Trower's golden era was captured on a succession of albums. The band's first release, 1973's Twice Removed From Yesterday, was followed by the hugely successful Bridge Of Sighs, then, in rapid succession, came  For Earth Below, Long Misty Days and In City Dreams.

Looking back, 1976 was probably the wonder year. It not only saw Trower with perhaps his finest line-up, with Dewar and Lordan, but at the peak of his popularity and releasing two superb albums - Long Misty Days (the title song of which remains lodged in your memory years after you've first heard it) and what is one of Rock's most extraordinary live albums - so extraordinary that it reached the US's Top 10 charts.

It's simply called Robin Trower Live and it was recorded at a gig in Stockholm during 1975 by the Swedish Broadcasting Corporation.

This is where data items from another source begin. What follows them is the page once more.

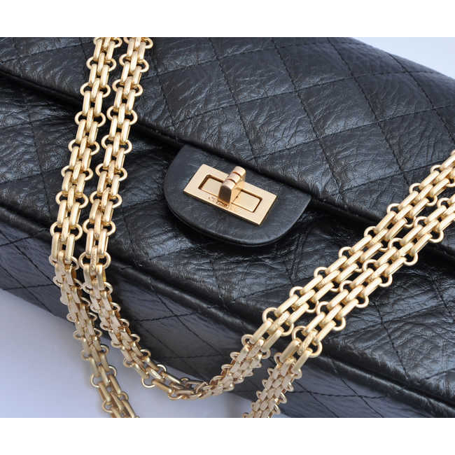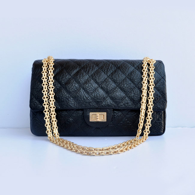 Chanel Classic Flap Bag A30226 elephantskin black with Antique Gold chain
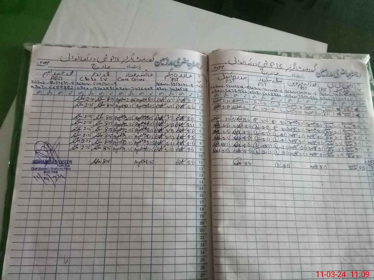 | Name: Na**** Si**** Designation: (School Headmaster's/Headmistress's) PST Phone/Cell Number: 03**** |
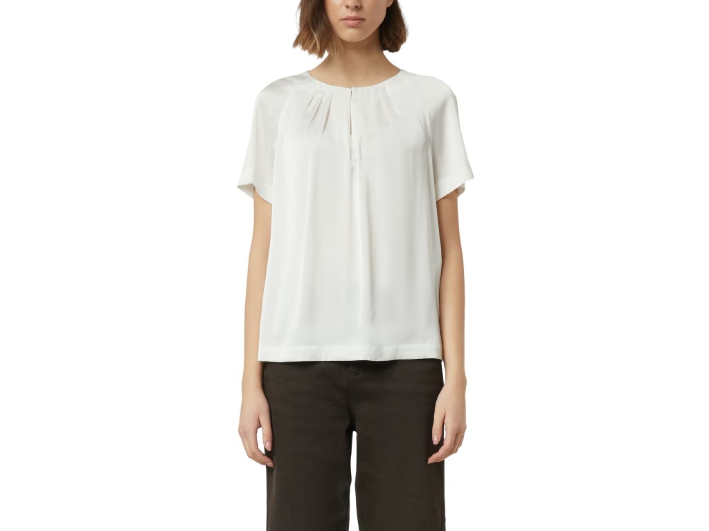 Halenka s jemným řasením u výstřihu působí lehce, žensky a nadčasově. Volnější střih zajišťuje pohodlí při nošení, zatímco jemné sklady u kulatého výstřihu dodávají modelu sofistikovaný detail. Krátké rukávy a splývavý materiál dělají z halenky ideální kousek pro každodenní nošení i formálnější příležitosti.
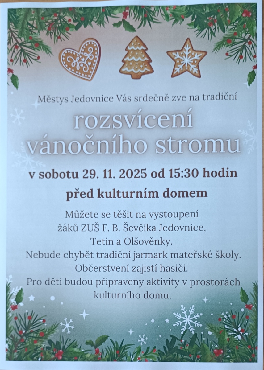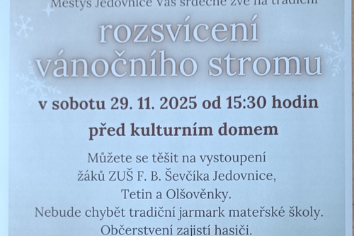 - V letošním roce zahajujeme 15. ROČNÍK ADVENTNÍHO PRODEJE při příležitosti rozsvěcování vánočního stromu v Jedovnicích. Poprvé tomu tak bylo 27. 11. 2010 a prodej se tenkrát odehrával před budovou městyse.
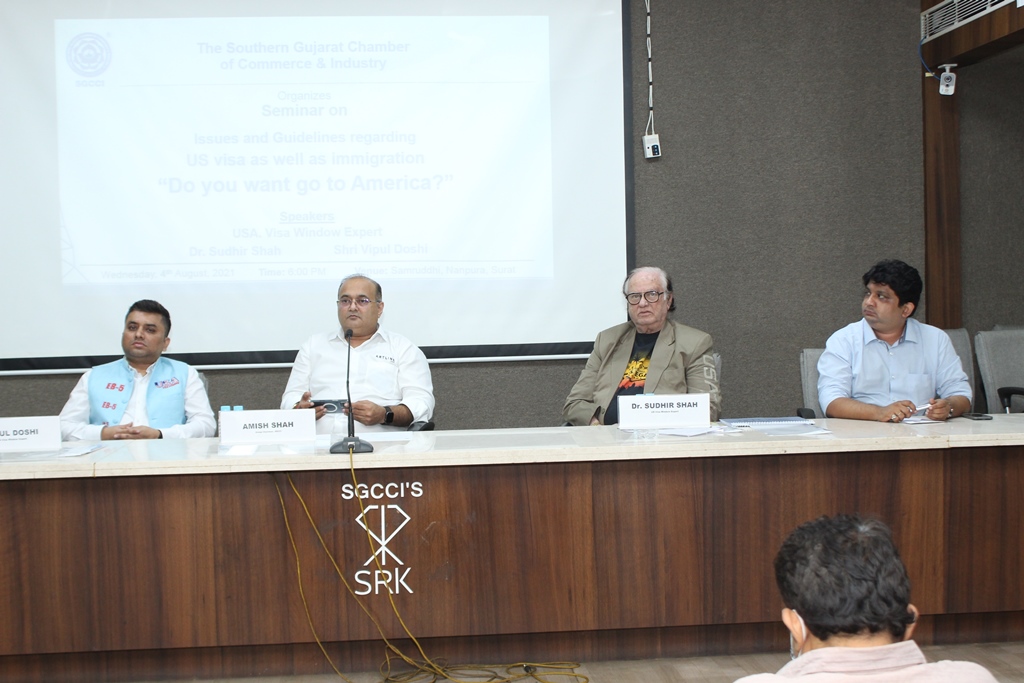 ધી સધર્ન ગુજરાત ચેમ્બર ઓફ કોમર્સ એન્ડ ઇન્ડસ્ટ્રી દ્વારા બુધવાર, તા. ૪ ઓગષ્ટ ર૦ર૧ના રોજ સાંજે ૬:૦૦ કલાકે સમૃદ્ધિ, નાનપુરા, સુરત ખાતે ‘અમેરિકા જવું છે?’ વિષય ઉપર સેમિનારનું આયોજન કરવામાં આવ્યું હતું. જેમાં યુ.એસ.એ. વિઝા વિન્ડોના એકસપર્ટ ડો. સુધીર શાહ અને વિપુલ દોશીએ માર્ગદર્શન આપ્યું હતું.
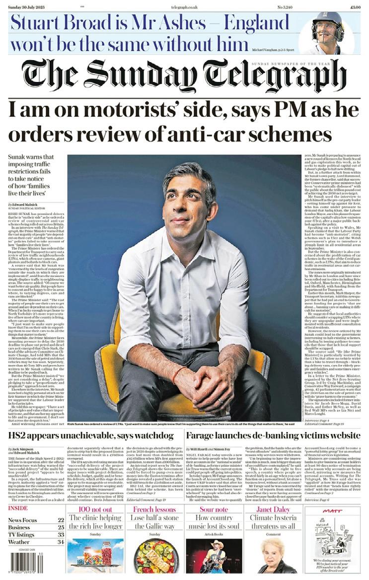 In his Sunday Telegraph interview, Sunak said: “The vast majority of people in the country use their cars to get around and are dependent on cars. I just want to make sure people know that I’m on their side in supporting them to use their cars to do all the things that matter to them.”
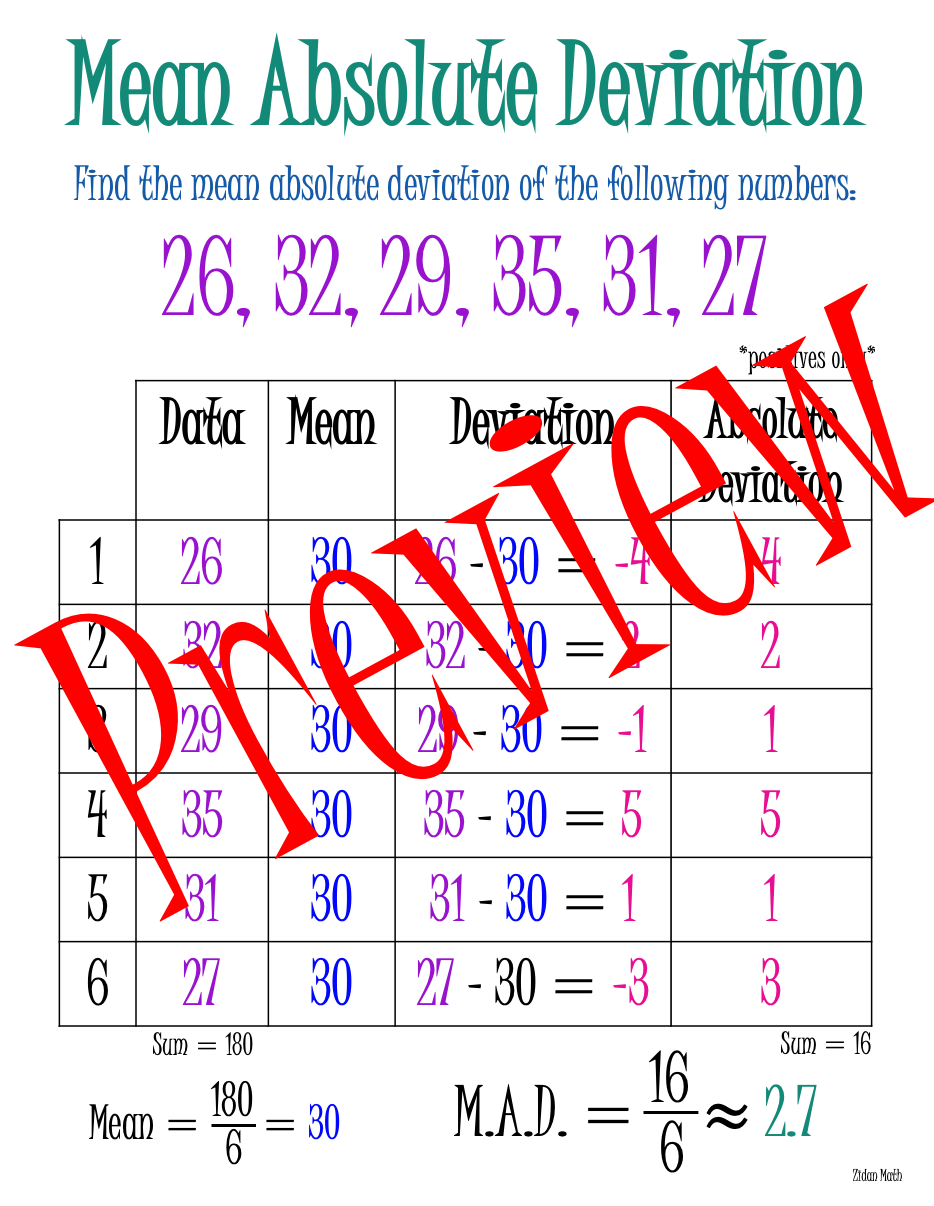 Mean Absolute Deviation Notes And Worksheets Lindsay Bowden

Trower has said that he had no idea it was being recorded at the time and certainly the band had no idea an album would come from the gig but, like The Who's legendary Live At Leeds, it was one of that tiny handful of live albums that actually adds to a band's legacy, rather than making you wish they'd stuck with studio releases. It's free, powerful, soulful and apparently completely untouched by overdubs and post-event fiddling, having been recorded on analogue gear with minimal processing. If you have ever doubted live albums can work, you owe it to yourself to seek this one out!

On the face of it, Robin Tower's sound and approach shouldn't be too hard to emulate. The starting point is the classic Strat and Marshall combination and, mercifully, not the legendary 1952 Strat made on a Wednesday afternoon, with the neck screwed on by .... you know the score. In fact, as Trower says in our interview, he is quite happy using new ones and has his own signature Strat to prove it.  The same with amps. Yes, his classic era sound was from classic era valve/tube Marshalls, but today he uses a pair of Marshall's fine Vintage/Modern 50 Watt combos. The effects are easy, too - they are all by Fulltone, and all widely available, though most good quality pedals will do unless you are trying to be 100 per cent authentic. My colleague Mr Casswell even asked Robin to go through them one at a time, which he generously does in our video.

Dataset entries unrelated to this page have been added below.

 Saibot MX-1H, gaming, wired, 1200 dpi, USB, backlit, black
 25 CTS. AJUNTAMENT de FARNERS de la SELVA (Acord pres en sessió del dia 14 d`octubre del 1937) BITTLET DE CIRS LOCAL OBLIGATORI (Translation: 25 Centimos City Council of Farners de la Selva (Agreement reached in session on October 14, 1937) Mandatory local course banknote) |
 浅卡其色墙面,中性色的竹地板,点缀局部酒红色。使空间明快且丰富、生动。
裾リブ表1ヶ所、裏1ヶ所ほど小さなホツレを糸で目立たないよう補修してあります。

Strings? It's getting trickier here. Time was when the great man used a set of tens but these days he has gone up a bit at the skinny end, to a 12 and a 15. He also tunes down a whole tone, which makes for some superlative tonal weight to his trademark long, slow bends and vibratos.

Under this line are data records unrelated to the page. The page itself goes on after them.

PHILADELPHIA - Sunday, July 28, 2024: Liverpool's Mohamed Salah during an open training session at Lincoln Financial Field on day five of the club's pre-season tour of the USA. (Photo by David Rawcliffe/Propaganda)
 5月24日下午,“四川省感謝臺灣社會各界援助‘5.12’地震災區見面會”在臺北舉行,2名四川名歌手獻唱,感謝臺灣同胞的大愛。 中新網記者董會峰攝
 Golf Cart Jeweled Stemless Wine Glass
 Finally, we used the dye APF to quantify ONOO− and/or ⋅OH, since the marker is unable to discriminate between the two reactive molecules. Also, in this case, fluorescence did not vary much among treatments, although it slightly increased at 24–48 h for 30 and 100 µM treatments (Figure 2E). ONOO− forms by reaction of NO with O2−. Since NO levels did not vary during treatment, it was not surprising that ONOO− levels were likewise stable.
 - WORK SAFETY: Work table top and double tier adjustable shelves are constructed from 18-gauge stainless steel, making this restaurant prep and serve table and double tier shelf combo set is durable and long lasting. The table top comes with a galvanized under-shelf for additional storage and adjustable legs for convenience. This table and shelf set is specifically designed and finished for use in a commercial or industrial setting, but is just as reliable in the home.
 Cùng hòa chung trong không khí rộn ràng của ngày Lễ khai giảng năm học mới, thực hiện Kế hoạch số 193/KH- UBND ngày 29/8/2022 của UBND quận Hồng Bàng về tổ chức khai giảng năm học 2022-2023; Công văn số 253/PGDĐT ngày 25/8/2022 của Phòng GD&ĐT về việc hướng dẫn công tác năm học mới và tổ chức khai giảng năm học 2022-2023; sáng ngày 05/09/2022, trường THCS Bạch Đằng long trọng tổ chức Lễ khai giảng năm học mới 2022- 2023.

As for the rest, the trademark Robin Tower sound (as you will see in his jam with Casswell) is with the Strat set firmly to the neck pickup. The only slight question mark here is that in a fascinating 2008 interview with Paul Gilbert in Guitar World, Trower talks about using the middle pickup quite a lot. Maybe he did, but most players would immediately associate him with the neck option. Perhaps more significant is that an out and out shredder like Gilbert (rated as one of the greatest of all time) cites Robin Trower as one of his personal 'greats'. Listen to the roots Trower himself draws on - BB King, Albert King, Otis Rush, the Soul music he grew up with (he's reputed to pay special tribute to James Brown) and pay extra special attention to that sweet vibrato and bending technique, which, along with his gift for melody, make Robin Trower an instantly recognisable master of Blues/Rock.